In a recent essay titled “Why is poverty declining so slowly in India” posted in Ideas for India — an economics and policy portal — Dr Ashok Kotwal and Dr Arka Roy Chaudhuri offer interesting insight on the link between skills and “growth” in India. The two academics from the University of British Columbia say that between 1993 and 2004, the fastest growing sectors were mostly high-end services such as business services, communications, research, hotels and restaurants, banking, insurance etc. There were only three non-farm sectors that did increase the employment of the unskilled — trade, transportation and construction. During this period, the labour force working in agriculture declined by seven per cent and almost all of that labour was absorbed in these three sectors. The pattern of growth changed slightly from 2004 to 2009. A few manufacturing sectors such as electric machinery, metal products, wood, furniture and transport equipment joined the list of fast-growing, high-end service sectors. However, the fact remained that growth in none of these sectors provided much employment to unskilled workers. In fact, many shed unskilled labour. Almost all the additional jobs created for the unskilled during this period were in a single sector — construction.

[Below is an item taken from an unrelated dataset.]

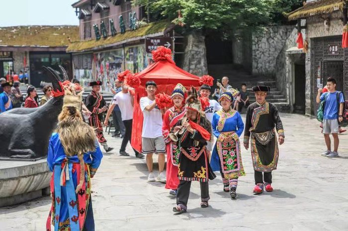 江油—九皇山—云中羌寨索道—西羌广场—羌情园索道—后山网红玻璃栈道—羌情园—云中农场—尔玛古道—高空表演—羌情园索道—前山观音崖—情人桥—猿王洞—返回起始地

So why did the sectors that employed unskilled labour not grow fast? Dr Kotwal and Dr Roy Chaudhuri offer a telling example: “When a software engineer working for Infosys sees an increase in her income, how would she spend this additional income? She already has a driver, a maid and a cook. She is not going to hire more domestic help. She might buy an iPad, visit more holiday resorts and buy higher quality processed and unprocessed food items. The component of value added by the unskilled in producing these items is quite limited.”
Which brings one back to the young man working in the beauty parlour and his future. Talk about shoring up India’s growth must also address how unskilled people like him can forge ahead and what needs to be done to improve their productivity. In cash-strapped times, there is not enough money for everything. That is well understood. But unless cash is ploughed into the basics like development of a skilled labour force, there won’t be a dazzling growth story.

The writer focuses on development issues in India and emerging economies.